I don’t think your lack of interest in sex is abnormal. I know of several people who appear to be the same. They all seem to lead fairly fulfilling lives. You may want to talk to your doctor about it just the same if you think you might be missing something.
Just because the advertising and pharmaceutical worlds keep trying to shove sex at you doesn’t mean you need to participate. You are a fine human being just as you are.
Like what?
But don’t most people start well before that, though? I started around age 3 or 4 before I even knew what a vagina was. (Plus I never use my vagina in masturbation.) I just always knew that it felt good to rub up against my clitoris (though I didn’t know what that word was either) and even when I got older, I couldn’t stop. Even being told that it was wrong or gross–it was like this unstoppable urge.
My girlfriend got in trouble a lot for masturbating in class a lot when she was little. She actually masturbated so much she damaged her clitoris and now has to stimulate it in some incredibly complicated and specific way to feel anything.

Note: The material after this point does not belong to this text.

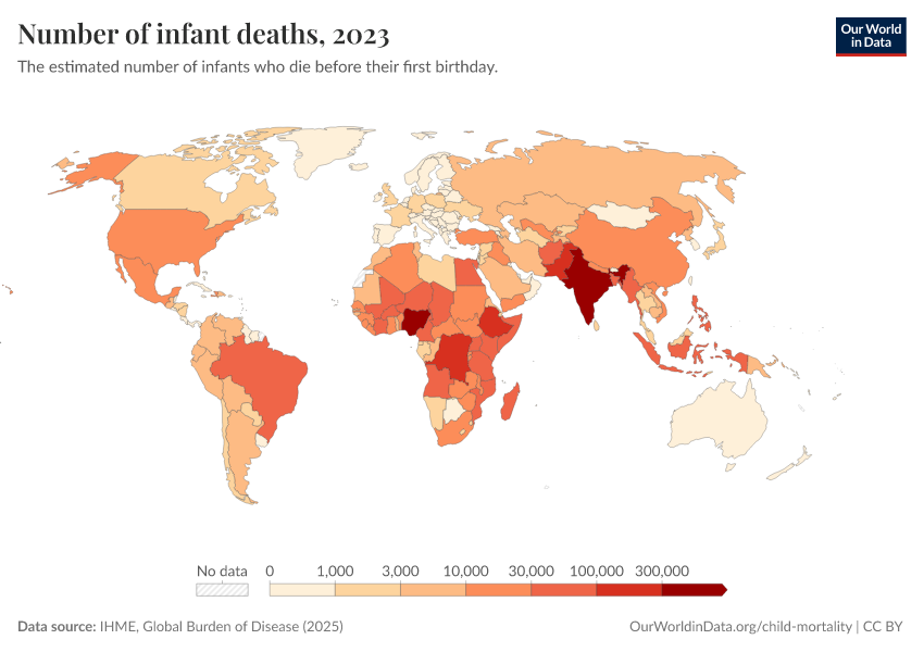 IHME, Global Burden of Disease (2025) – with minor processing by Our World in Data. “Number of infant deaths” [dataset]. IHME, Global Burden of Disease, “Global Burden of Disease - Child Mortality” [original data]. Retrieved March 12, 2026 from https://bespoke-income-plots.owid.pages.dev/grapher/number-of-infant-deaths-ihme
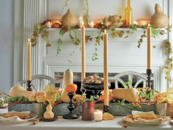 For this year’s fall and Thanksgiving setting, create your own homemade thanksgiving decorations starting with some perfect pieces you already have like pumpkins, apples, leaves and candles with all the glories color that can be dressed up for any occasional create beauty of fall-inspired centerpieces. Combine old with new, traditional with modern to use when decorating your home.

But then again, her mom bought her a book on the joys of sex when she caught my gf reading it off a book stand at the airport when she was, like, 6, so she didn’t have the stigma at home either.
You can masturbate so much you damage your clitoris? Are you sure there’s something your girlfriend is leaving out? I’ve never heard of that.
“Need answer soon” she was tactful enough to leave out…
That’s her side of the story, I was honestly thinking the same thing when I first heard it. I assume that she may have slipped up and accidentally damaged it by doing something weird, but not in a way painful enough to notice.
It honestly sounds like one of those urban legends parents might trot out to scare kids away from masturbating.
It is an urban legend, unless the person is using some sort of caustic lubricating agent or electroshock.